What is developing is a system in which every aspect of a person’s life feeds into an algorithm:
The algorithm behind my Zhima Credit score is a corporate secret. Ant Financial officially lists five broad categories of information that feed into the score, but the company provides only the barest of details about how these ingredients are cooked together. Like any conventional credit scoring system, Zhima Credit monitors my spending history and whether I have repaid my loans. But elsewhere the algorithm veers into voodoo, or worse. A category called Connections considers the credit of my contacts in Alipay’s social network. Characteristics takes into consideration what kind of car I drive, where I work, and where I went to school. A category called Behavior, meanwhile, scrutinizes the nuances of my consumer life, zeroing in on actions that purportedly correlate with good credit.
If you do the sorts of things that the people who control the scoring system like, you find yourself receiving special treatment across society. If you miss some payments (or maybe refuse to pay for something for justified reasons), have disfavored friends, and run afoul of the government, you may find yourself with a low enough score to be all but banned from means of modern transportation and tolerable accommodations, even finding educational and occupational doors closed.
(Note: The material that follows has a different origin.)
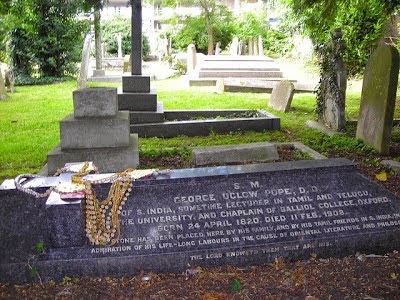 "George Uglow Pope D.D. of South India sometime lecturer in Tamil and Telugu in the University and chaplain of Balliol College, Oxford, born 24th April 1820. Died 11th February 1908. This stone has been placed here by his family and by his Tamil friends in South India in loving admiration of his life long labours in the cause of oriental literature and philosophy"

Worse, much of the work of oppression happens socially. Already, the system encourages people to socialize only with those who have good scores. When fully implemented, the system could make life with a low score simply impossible.
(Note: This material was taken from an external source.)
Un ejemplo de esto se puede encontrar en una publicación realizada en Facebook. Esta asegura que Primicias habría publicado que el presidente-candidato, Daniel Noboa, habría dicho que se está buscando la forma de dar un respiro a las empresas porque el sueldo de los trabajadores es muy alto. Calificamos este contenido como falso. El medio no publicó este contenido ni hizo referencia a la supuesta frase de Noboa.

Short of that outcome, one can still see the allure of the system — even imagine the sorts of arguments progressives would make on its behalf. After all, if your score isn’t purely a financial question, people who start adulthood off with financial disadvantages could gain access to favorable credit and special treatment by other means. Moving up the economic ladder could become a possibility for those who are willing to behave according to social ideals in their purchases and activities. In a way, this merely automates and makes more efficient the social processes by which we already interact and assess each other.
The problem is that somebody owns the algorithm. Somebody decides for everybody what counts as good or bad behavior. Somebody decides whether dedication to the powerful gets a big bonus or helping the wrong kinds of people results in demerits. Contrary to the apparent belief of the West’s more politically correct citizens, none of these answers are self-evidently correct, much less certain to be recognized by whoever happens to be in power at a particular time.